Need Help?

Voting Classifier Cookbook

Last Updated: Sep 01, 2017

Voting Classifier Cookbook


Introduction

This document describes how to create and manage Voting Classifiers in Compass. Please refer to the Compass API reference for details on logging in and creating a project.

Once you have made a Compass project, you can create one or more voting classifiers in it. Voting Classifier is a supervised classifier and to create it, a list of labeled data must be supplied to train it.
 

Creating a Classifier

Creating a Classifier via the API is a two-step process:
  1. Upload your (labeled) training documents to the project
  2. Build the classifier
 

Uploading Training Documents

Use the project’s /documents endpoint to POST either a single document or a list of them; posting the documents in batches of about 1,000 is the most efficient. Upload speed is around 880 KiB per second.

Each document must be a JSON-encoded dictionary with the following fields:
  • text (string; required): the text content of the document, in UTF-8 encoding
  • label (string; optional): the class the document belongs to 
  • dataset (string; optional): the collection the document belongs to

The  text field is mandatory. The dataset attribute is useful if you intend to train more than one classifier, but it is not required; it defaults to the empty string. The label attribute is also optional, although at least some documents must have it for the system to be able to train a classifier from them. Documents without labels will be used to “enrich” the semantic associations over the entire document collection and may thereby improve classifier accuracy.

The question of how much training data needed to create a good classifier is outside of scope of this document - feel free to reach out to your Luminoso representative to discuss it further.
 

Building A Classifier

Use the project’s /documents endpoint to POST either a single document or a list of them; posting the documents in batches of about 1,000 is the most efficient. Upload speed is around 880 KiB per second.

When all documents needed to train the classifier have been uploaded, use the project’s /classifiers endpoint to POST a classifier specification with the following content: 
  • name: a string that uniquely identifies the classifier for the project
  • type: "voting"
  • status: "active"
  • info: {}

The info dictionary may be empty, in which case all the documents with a non-empty label value will be used to train the classifier. Alternatively, the info dictionary may contain a dataset directive that names the subset of documents to use; documents in this data set must contain non-empty label fields for anything to happen.
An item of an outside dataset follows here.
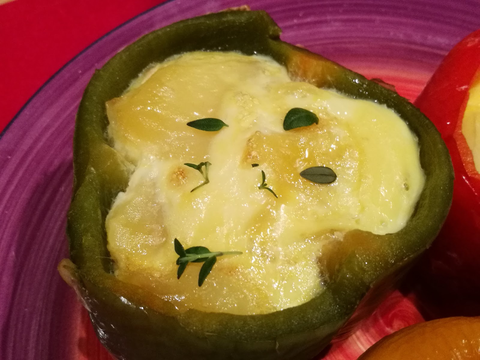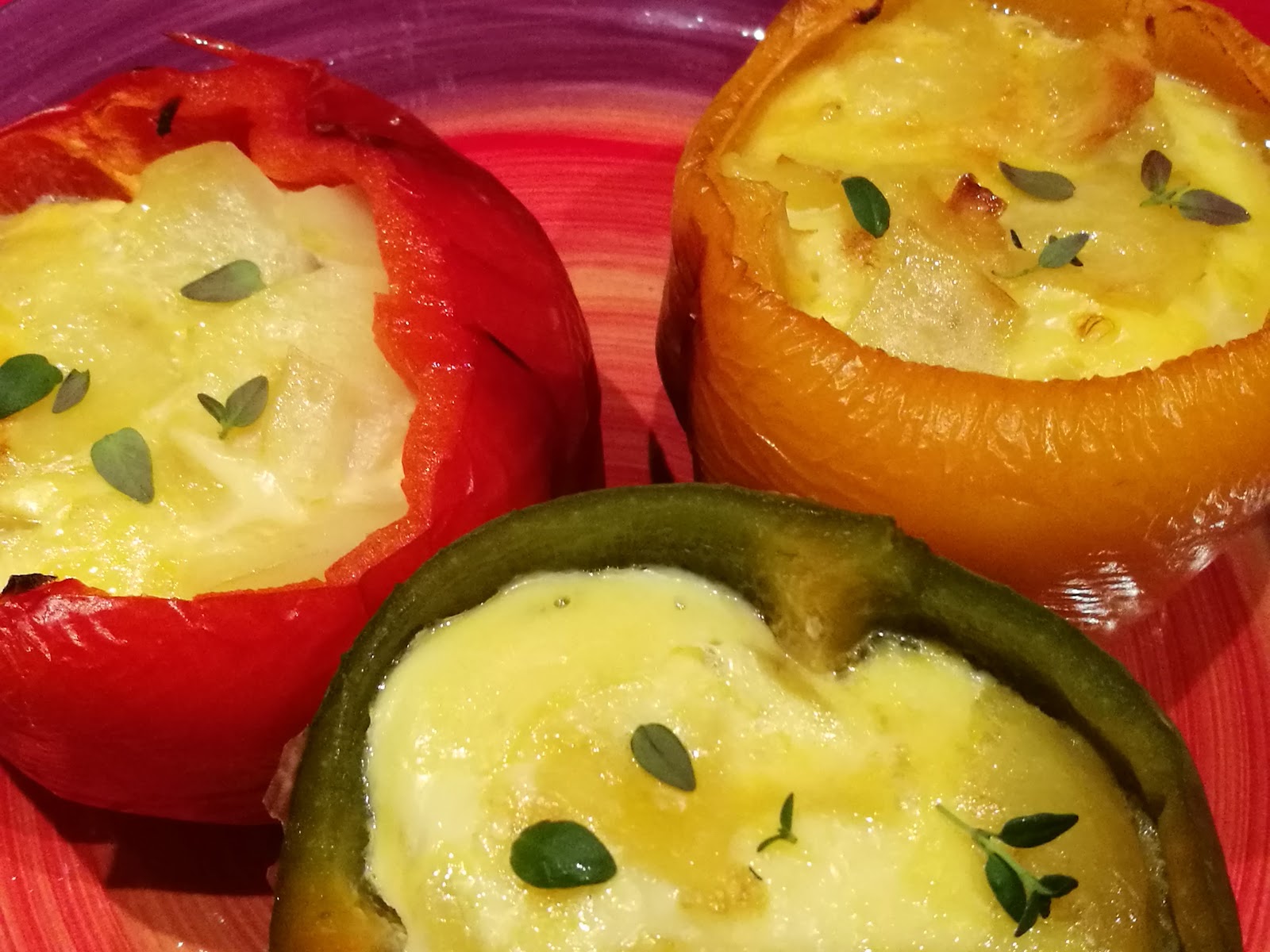 Que delicia, comer en cuencos de pimientos con ese rico sabor entre patatas y huevos es todo un festín, de esos para tener una cena rápida y deliciosa, que rico asalto Hirma! un beso y buen finde
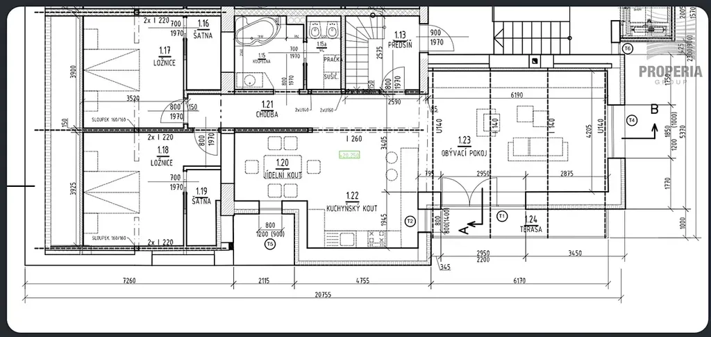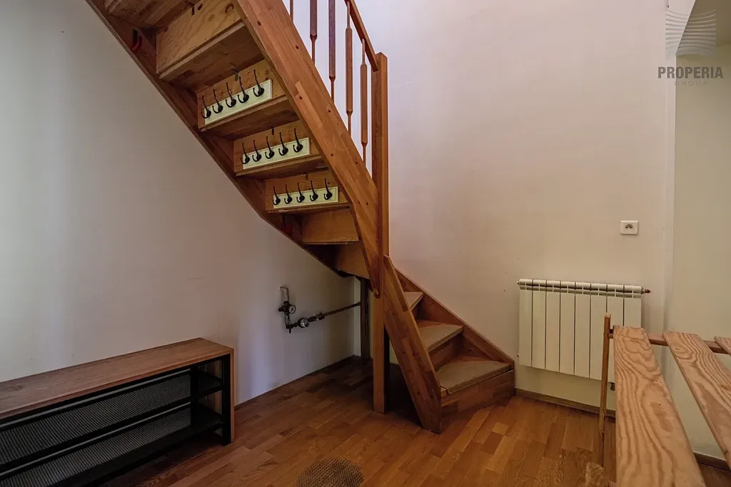 Interiér bytu je rozvržen do dvou podlaží a působí velmi vzdušně a harmonicky. Přirozeně odděluje denní a klidovou část, což zajišťuje dostatek soukromí pro všechny členy domácnosti.

The following attributes may also be added to the info dictionary:
  • threshold: a floating-point number between 0 and 1 to indicate the minimum confidence score a document must achieve to be assigned a label (default value: 0.4)
  • num_topics: the number of topics (labels) to assign to a document (default value: 1) or the string “ALL” if you want to see the scores for all labels. If a number greater than 1 is provided, the system will return the “top X” labels above the threshold

The response will contain the URL for the newly created classifier, together with its training_state:
 {
    "url": "https://.../api/projects/<proj_id>/p/classifiers/1/",
    "name": "unique name for classifier",
    "type": "voting",
    "status": "inactive",
    "training_state": "in_training",
    "topics": [],
    "info": {
        “num_topics”: 1,
        “threshold”: 0.4
    },
    "created": "2017-06-28T18:03:50.256085+00:00",
    "last_update": "2017-06-28T18:03:50.256085+00:00"
}

While the classifier is under construction, its training_state is set to in_training and its status to inactive. Use the URL provided to check periodically until the training_state value has changed to ready and the status to active. Depending on the number and size of your training documents, this may take a few minutes to several hours.

When the classifier is ready to use, the topics list in the response will contain one entry for every label that has at least one representative document in the training data, together with an UNCLASSIFIED entry that will be used if none of the other labels matches an incoming message well enough. Each topics entry has the following elements (only the first three are important):
  • url: full URL to the topic
  • title: the label name
  • status: active or inactive (same as the classifier status) 
  • blocking: false (internal use) 
  • created: creation date and time (UTC format)
  • ended: null or date and time the topic stopped being active (UTC format)
  • info: {} (internal use) 
  • measurements: {} (overall statistics about volume, velocity, and acceleration) 
  • time_buckets: {} (statistics over equal time intervals) 
  • messages_url: full URL to the messages that were (or will be) classified into the topic
 

Updating a Classifier

After a classifier has been built, the following attributes may be changed by means of a PUT request to the classifier’s URL:
  • name: unique name for the classifier
  • status: either active or inactive; the value must be active for any classification to happen
  • num_topics
  • threshold

The following attributes are read-only and cannot be modified:
  • dataset
  • training_state
  • created
  • updated
  • topics
 

Multiple Classifiers

A Compass project can have more than one classifier. In the case of multiple classifiers, each message is classified by all the classifiers present. No classification order is enforced, i.e. all classifiers are created equal.
 

Classifying Documents

Compass classifies documents by presenting them to each active classifier in the project. If no classifiers are active, no classification is attempted and no topics are returned.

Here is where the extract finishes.